The cellar was really a cave gouged into the earth and piled with trunks and hand bags stuffed with all manner of loot. There was enough silverware to equip a dozen households, and Archie amused himself by studying the monograms, thinking that quite possibly he was handling spoons that he had encountered on happier occasions in the homes of his friends. The trunks contained clothing in great variety and most of it was new and of good quality. He carried up an armful and found a gray suit that fitted him very well. Another visit yielded shirts, socks and underclothing, a slightly used traveling case with shaving materials and other toilet articles.

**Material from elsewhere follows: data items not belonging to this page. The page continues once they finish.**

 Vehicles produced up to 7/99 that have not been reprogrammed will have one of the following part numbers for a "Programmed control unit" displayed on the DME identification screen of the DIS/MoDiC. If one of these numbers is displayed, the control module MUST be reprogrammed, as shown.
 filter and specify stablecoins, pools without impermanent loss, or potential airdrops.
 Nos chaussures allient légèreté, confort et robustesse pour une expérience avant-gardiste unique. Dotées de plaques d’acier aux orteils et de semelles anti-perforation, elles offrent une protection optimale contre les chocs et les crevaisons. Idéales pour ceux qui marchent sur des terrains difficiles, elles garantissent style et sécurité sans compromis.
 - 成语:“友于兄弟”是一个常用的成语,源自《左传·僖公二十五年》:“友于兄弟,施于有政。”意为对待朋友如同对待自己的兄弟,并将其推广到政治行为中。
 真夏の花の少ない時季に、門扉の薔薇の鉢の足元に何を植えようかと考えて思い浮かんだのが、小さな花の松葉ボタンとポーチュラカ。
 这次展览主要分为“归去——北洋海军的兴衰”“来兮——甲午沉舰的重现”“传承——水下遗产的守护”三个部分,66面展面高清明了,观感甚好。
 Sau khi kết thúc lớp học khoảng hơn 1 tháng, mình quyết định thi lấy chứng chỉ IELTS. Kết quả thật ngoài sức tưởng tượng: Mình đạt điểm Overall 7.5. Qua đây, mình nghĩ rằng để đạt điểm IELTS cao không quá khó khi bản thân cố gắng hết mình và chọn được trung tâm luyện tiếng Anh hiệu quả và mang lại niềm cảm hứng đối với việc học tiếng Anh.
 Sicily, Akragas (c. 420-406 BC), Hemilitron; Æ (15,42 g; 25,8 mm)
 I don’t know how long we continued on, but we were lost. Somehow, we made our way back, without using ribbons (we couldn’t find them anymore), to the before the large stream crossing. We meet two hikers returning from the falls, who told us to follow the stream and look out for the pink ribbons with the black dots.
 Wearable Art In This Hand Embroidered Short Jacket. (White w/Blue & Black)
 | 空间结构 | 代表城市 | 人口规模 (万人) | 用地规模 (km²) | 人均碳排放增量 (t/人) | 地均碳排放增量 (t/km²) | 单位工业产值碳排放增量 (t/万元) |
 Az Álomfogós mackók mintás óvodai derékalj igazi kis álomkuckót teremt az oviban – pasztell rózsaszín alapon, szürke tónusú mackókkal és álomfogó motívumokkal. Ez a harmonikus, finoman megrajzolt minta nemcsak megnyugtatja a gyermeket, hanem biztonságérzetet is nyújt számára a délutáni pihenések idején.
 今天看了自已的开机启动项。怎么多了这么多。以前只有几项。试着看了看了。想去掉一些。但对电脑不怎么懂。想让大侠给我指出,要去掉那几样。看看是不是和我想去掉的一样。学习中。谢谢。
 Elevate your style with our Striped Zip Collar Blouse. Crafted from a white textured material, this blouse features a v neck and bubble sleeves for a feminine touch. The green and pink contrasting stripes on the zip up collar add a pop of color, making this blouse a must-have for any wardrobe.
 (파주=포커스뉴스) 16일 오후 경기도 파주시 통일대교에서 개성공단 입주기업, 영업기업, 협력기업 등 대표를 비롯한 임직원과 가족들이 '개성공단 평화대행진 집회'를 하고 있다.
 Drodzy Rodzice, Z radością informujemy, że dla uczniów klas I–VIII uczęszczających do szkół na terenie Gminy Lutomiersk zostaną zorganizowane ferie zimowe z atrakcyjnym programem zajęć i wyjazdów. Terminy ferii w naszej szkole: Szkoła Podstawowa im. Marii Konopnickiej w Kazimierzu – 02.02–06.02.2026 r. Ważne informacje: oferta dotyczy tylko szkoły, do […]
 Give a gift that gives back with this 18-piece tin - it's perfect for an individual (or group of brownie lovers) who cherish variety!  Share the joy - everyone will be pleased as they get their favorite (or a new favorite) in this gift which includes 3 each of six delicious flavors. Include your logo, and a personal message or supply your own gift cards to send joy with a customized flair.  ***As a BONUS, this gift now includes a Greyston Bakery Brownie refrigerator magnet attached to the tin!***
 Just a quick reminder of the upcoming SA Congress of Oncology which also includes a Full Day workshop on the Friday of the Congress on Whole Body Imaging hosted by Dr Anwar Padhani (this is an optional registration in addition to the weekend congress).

He bathed in the brook, shaved, dressed and felt like a new being. Only a few hours had elapsed since he walked uprightly in the eyes of all men; now he was a fugitive, and for all he knew to the contrary a murderer. He had accommodated himself with ease to lying and the practice of deceit; and even the taking of human life seemed no longer a monstrous thing. If he were caught in the Governor's company he would have a pretty time of it satisfying a court of his innocence; but he considered his plight tranquilly.

In doffing the clothing he had acquired honestly and substituting stolen raiment, it was almost as though he were changing his character as well. In transferring his effects from the old to the new pockets he came upon Isabel Perry's note, and grinned as he re-read it. He wondered what Isabel would say if she knew that he had already slipped the leash that bound him to convention and performed even more reckless deeds than she had prescribed for him.

"No callers? Well, I must say you're a credit to our gents' clothing department!" the Governor remarked on his return. "That stuff was accumulated early in the spring by a couple of the boys who had no more sense. Silver, yes; you can melt it and sell it like pig iron; but how absurd to risk your neck stealing mere raiment! Still the word's gone down the line and any of the brethren who're in need of shelter and a change of clothes will find what they want here. You've picked about the best of the lot. What do you make of this? Found it in the car."